**ENTRIES SHOWN**.
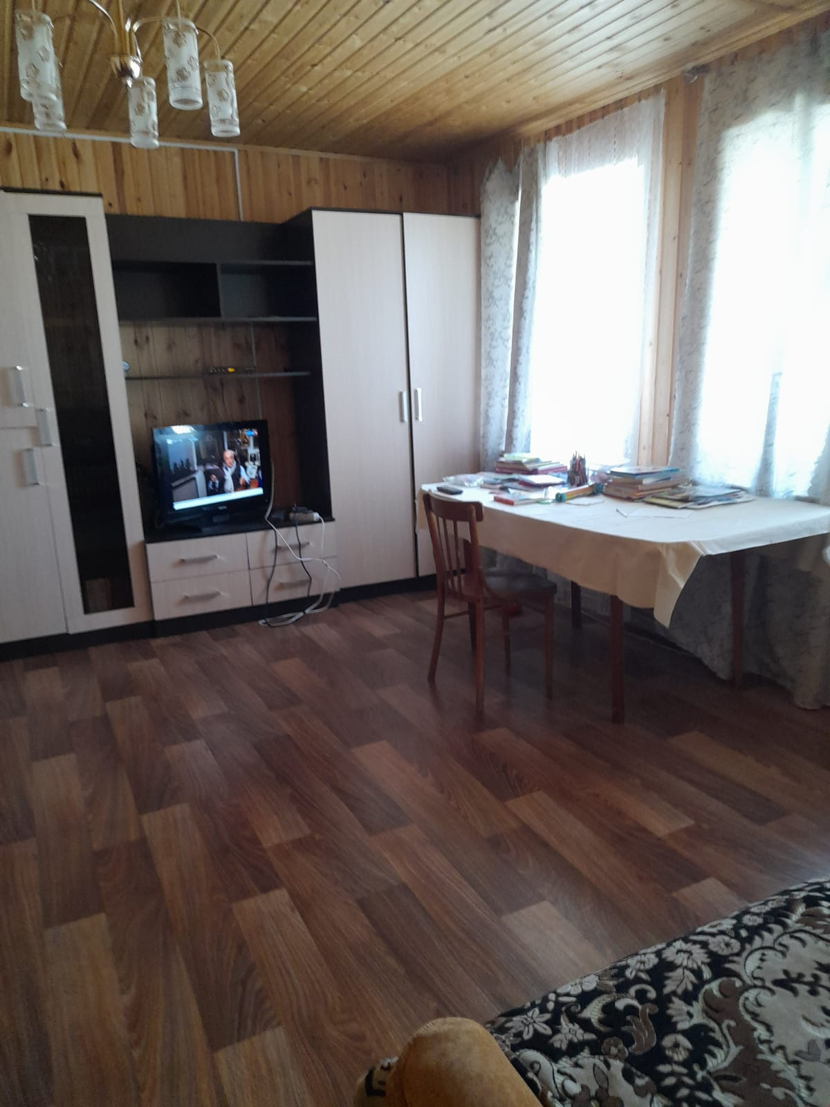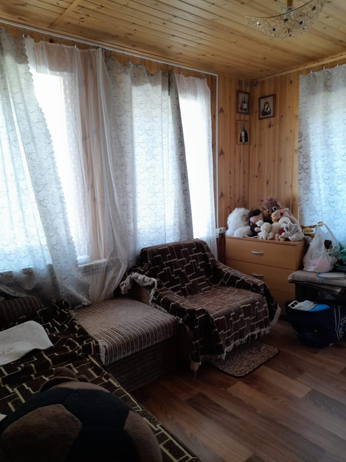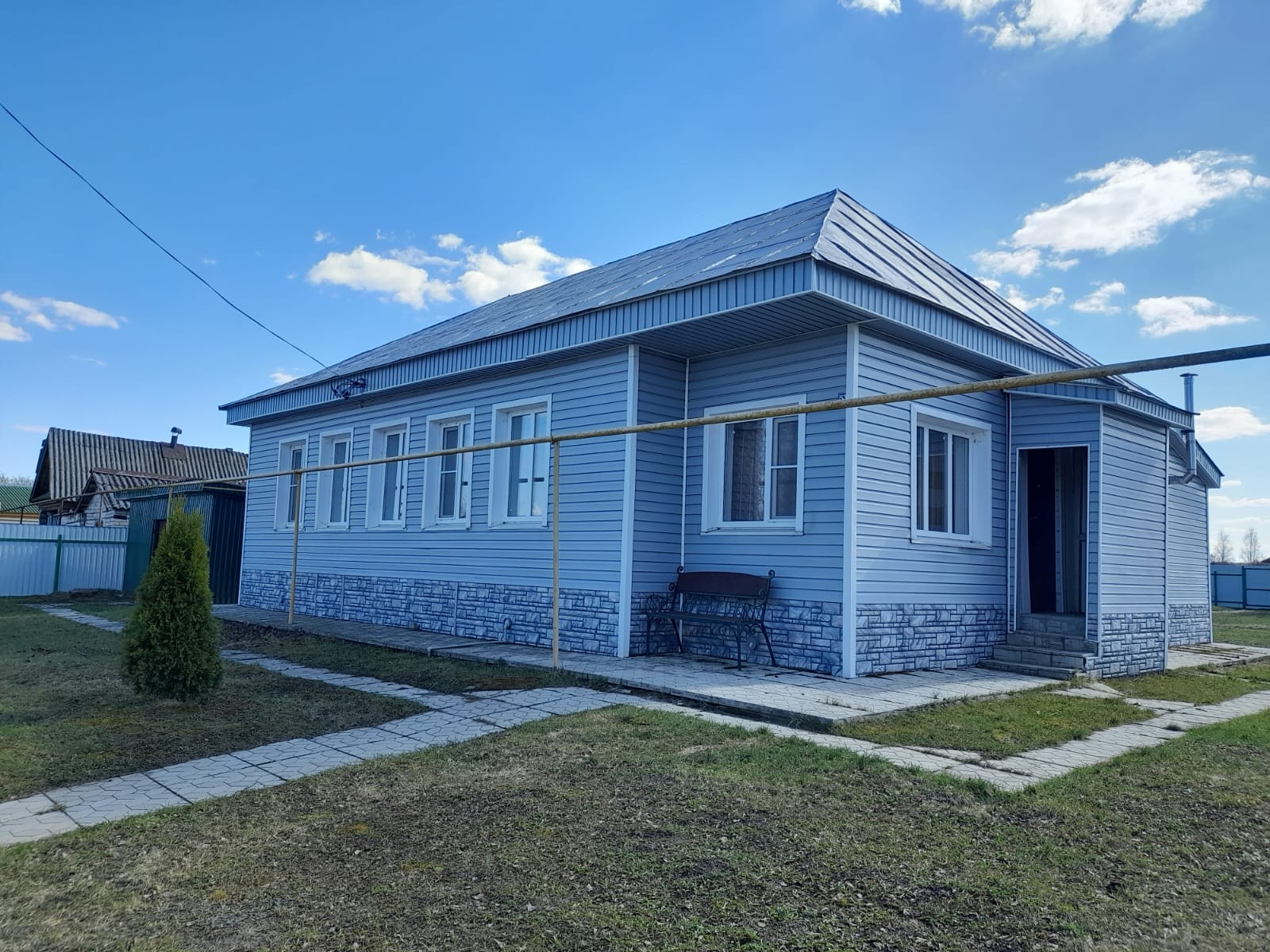 Одноэтажный кирпичный дом 100 кв.м, участок 34 сотки, огорожено 12.5 соток, все удобства, вода, газ, эл-во, канализация, спутниковое ТВ.
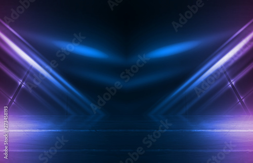 Empty background scene. Dark street reflection on wet asphalt. Rays of neon light in the dark, neon figures, smoke. Background of empty stage show. Abstract dark background.
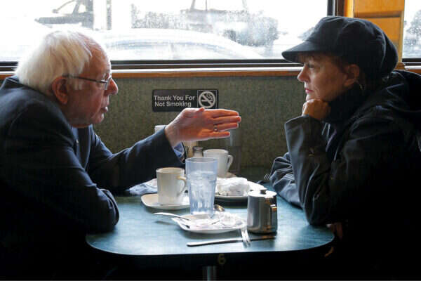 סנדרס משוחח עם השחקנית סוזן סרנדון בדיינר ניו־יורקי // צילום: רויטרס // סנדרס משוחח עם השחקנית סוזן סרנדון בדיינר ניו־יורקי
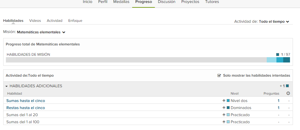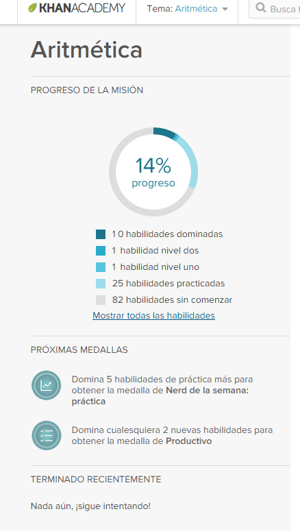 Otro elemento característico de la gamificación es el progreso, que permite ver al estudiante cómo es su evolución, encontramos barras de progreso en diferentes ubicaciones dentro de la Khan Academy:
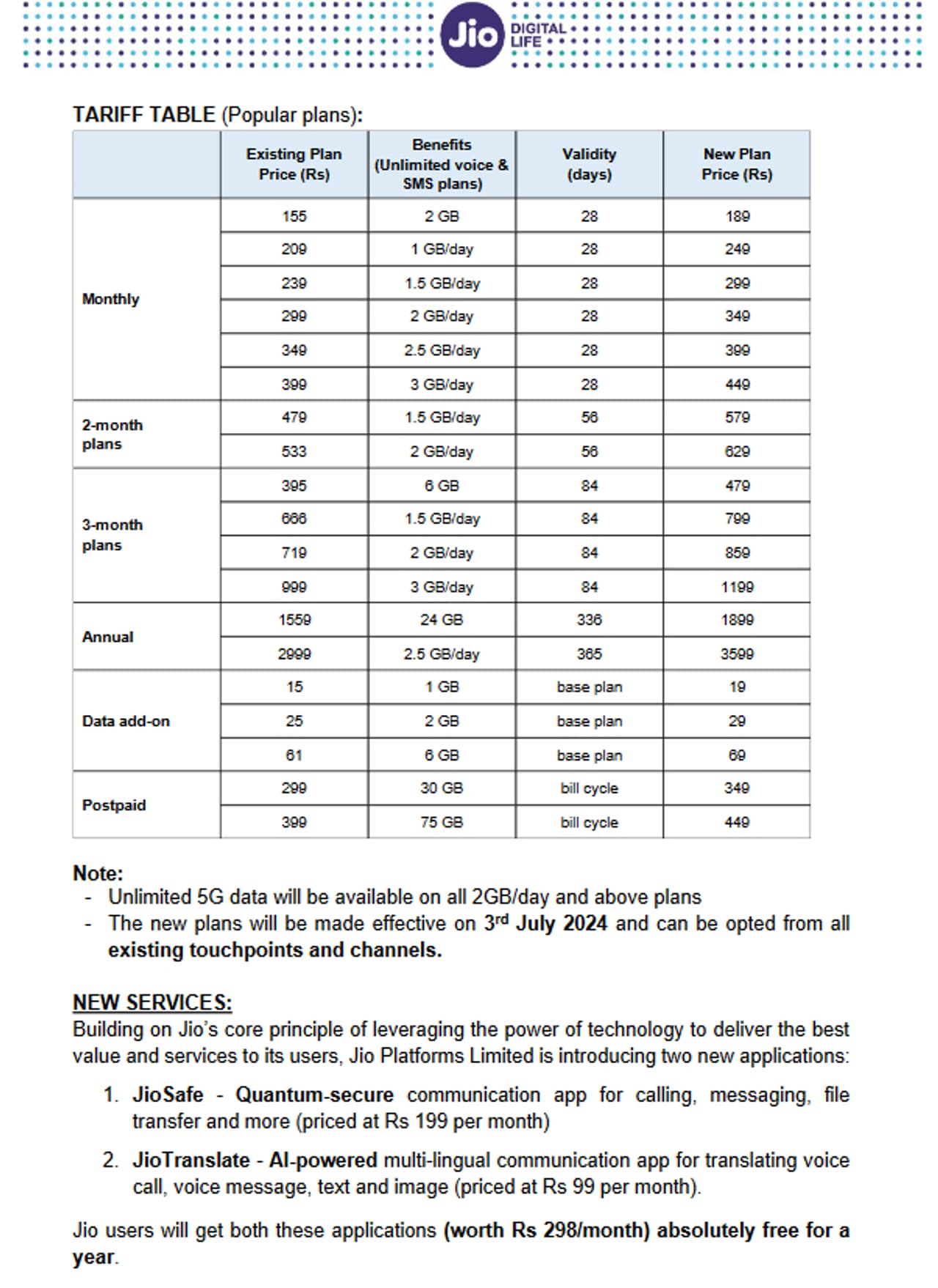 ഇന്ത്യയിലെ ഏറ്റവും വലിയ ടെലികോം ഓപ്പറേറ്ററായ റിലയൻസ് ജിയോ, അതിൻ്റെ പ്രീപെയ്ഡ്, പോസ്റ്റ്പെയ്ഡ് പ്ലാനുകളുടെ താരിഫ് വർധിപ്പിക്കുന്നു. രാജ്യത്തുള്ള ജിയോയുടെ ലക്ഷകണക്കിന് ഉപയോക്താക്കളെ ഇത് ബാധിച്ചേക്കും. പുതുക്കിയ നിരക്കുകൾ പ്രകാരം 600 രൂപ വരെ ഉയർന്നേക്കാം എന്നാണ് സൂചന. പുതുക്കിയ നിരക്കുകള് ജൂലൈ 3 മുതൽ പ്രാബല്യത്തിൽ വരും.
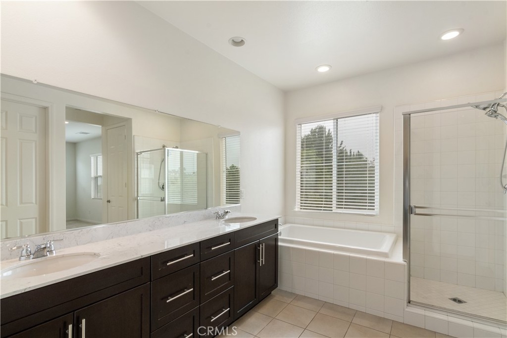 Upscale newer 5 Bed/3 Bath 2-story single family detached condo in the gated community of Seneca. This well appointed stylish modern home boasts great features like 9' ceilings and 8' paneled doors throughout, a large Great Room, perfect for entertaining, a well equipped Kitchen with all SS appliances, Granite countertops, Medium Maple stained cabinets, a pantry and large eat at island. There is a private Downstairs bedroom and a full bath. The Master Suite features a large walk-in closet, an adjoining loft, a separate tub/shower with acrylic and tile detailing. You will love the convenient upstairs laundry room. Main level tile flooring in the Great Room, carpet in the BRM. Sunny private fully fenced larger backyard. 2 car garage. Comes with several energy saving features like radiant roof barrier, tankless water heater, dual glazed vinyl windows, sliders and more. This highly sought after Murrieta area home is near both the Promenade Mall and Murrieta Town Center, Highly Ranked Distinguished Schools, Harveston Lake and easy Freeway access. Don't miss your opportunity to live in one of the best areas in town. This one won't last, make it your new home. The home has beautiful window coverings and a landscaped backyard.
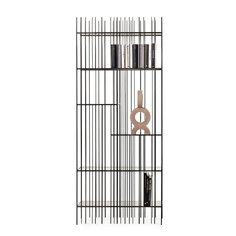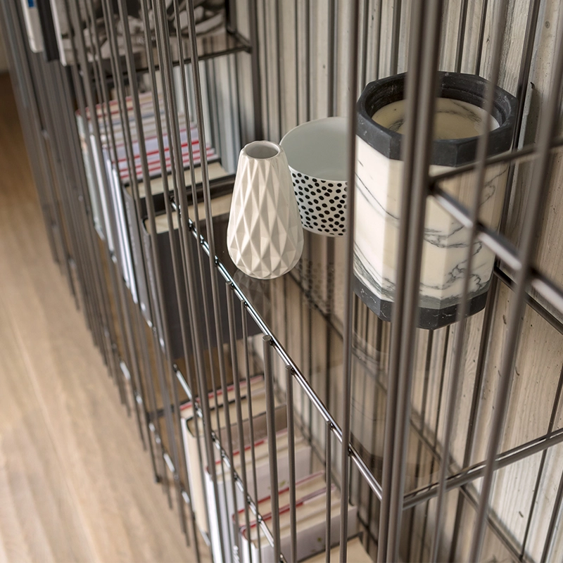 Metrica, the rhythm is marked by metal rods fixed at different intervals to a rigorous structure. The books and objects that are placed there complete the final shape and look. Thanks to its composition of metal rods and glass,
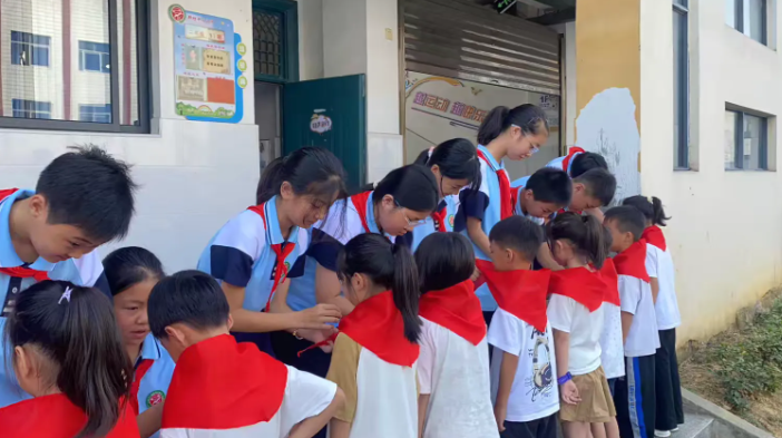 激昂的中國(guó)少年先鋒隊(duì)隊(duì)歌旋律響起,全體人員齊聲高唱。歌聲嘹亮,充滿朝氣,展現(xiàn)了少先隊(duì)員們積極向上的精神風(fēng)貌。學(xué)生們身著整潔校服,隊(duì)列整齊,神情專注。儀式核心環(huán)節(jié)中,老隊(duì)員鄭重為新隊(duì)員佩戴紅領(lǐng)巾——這一革命先烈鮮血染紅的象征。新隊(duì)員挺胸昂首,眼神洋溢著自豪與激動(dòng),紛紛敬禮致謝,傳遞著薪火相傳的使命。

**EXERCISE BRIEF**.
Could the lines above be copied out exactly, with no image carried over?

**ANSWER AREA**.
 Одноэтажный кирпичный дом 100 кв.м, участок 34 сотки, огорожено 12.5 соток, все удобства, вода, газ, эл-во, канализация, спутниковое ТВ.
 Empty background scene. Dark street reflection on wet asphalt. Rays of neon light in the dark, neon figures, smoke. Background of empty stage show. Abstract dark background.
 סנדרס משוחח עם השחקנית סוזן סרנדון בדיינר ניו־יורקי // צילום: רויטרס // סנדרס משוחח עם השחקנית סוזן סרנדון בדיינר ניו־יורקי
 Otro elemento característico de la gamificación es el progreso, que permite ver al estudiante cómo es su evolución, encontramos barras de progreso en diferentes ubicaciones dentro de la Khan Academy:
 ഇന്ത്യയിലെ ഏറ്റവും വലിയ ടെലികോം ഓപ്പറേറ്ററായ റിലയൻസ് ജിയോ, അതിൻ്റെ പ്രീപെയ്ഡ്, പോസ്റ്റ്പെയ്ഡ് പ്ലാനുകളുടെ താരിഫ് വർധിപ്പിക്കുന്നു. രാജ്യത്തുള്ള ജിയോയുടെ ലക്ഷകണക്കിന് ഉപയോക്താക്കളെ ഇത് ബാധിച്ചേക്കും. പുതുക്കിയ നിരക്കുകൾ പ്രകാരം 600 രൂപ വരെ ഉയർന്നേക്കാം എന്നാണ് സൂചന. പുതുക്കിയ നിരക്കുകള് ജൂലൈ 3 മുതൽ പ്രാബല്യത്തിൽ വരും.
 Upscale newer 5 Bed/3 Bath 2-story single family detached condo in the gated community of Seneca. This well appointed stylish modern home boasts great features like 9' ceilings and 8' paneled doors throughout, a large Great Room, perfect for entertaining, a well equipped Kitchen with all SS appliances, Granite countertops, Medium Maple stained cabinets, a pantry and large eat at island. There is a private Downstairs bedroom and a full bath. The Master Suite features a large walk-in closet, an adjoining loft, a separate tub/shower with acrylic and tile detailing. You will love the convenient upstairs laundry room. Main level tile flooring in the Great Room, carpet in the BRM. Sunny private fully fenced larger backyard. 2 car garage. Comes with several energy saving features like radiant roof barrier, tankless water heater, dual glazed vinyl windows, sliders and more. This highly sought after Murrieta area home is near both the Promenade Mall and Murrieta Town Center, Highly Ranked Distinguished Schools, Harveston Lake and easy Freeway access. Don't miss your opportunity to live in one of the best areas in town. This one won't last, make it your new home. The home has beautiful window coverings and a landscaped backyard.
 Metrica, the rhythm is marked by metal rods fixed at different intervals to a rigorous structure. The books and objects that are placed there complete the final shape and look. Thanks to its composition of metal rods and glass,
 激昂的中國(guó)少年先鋒隊(duì)隊(duì)歌旋律響起,全體人員齊聲高唱。歌聲嘹亮,充滿朝氣,展現(xiàn)了少先隊(duì)員們積極向上的精神風(fēng)貌。學(xué)生們身著整潔校服,隊(duì)列整齊,神情專注。儀式核心環(huán)節(jié)中,老隊(duì)員鄭重為新隊(duì)員佩戴紅領(lǐng)巾——這一革命先烈鮮血染紅的象征。新隊(duì)員挺胸昂首,眼神洋溢著自豪與激動(dòng),紛紛敬禮致謝,傳遞著薪火相傳的使命。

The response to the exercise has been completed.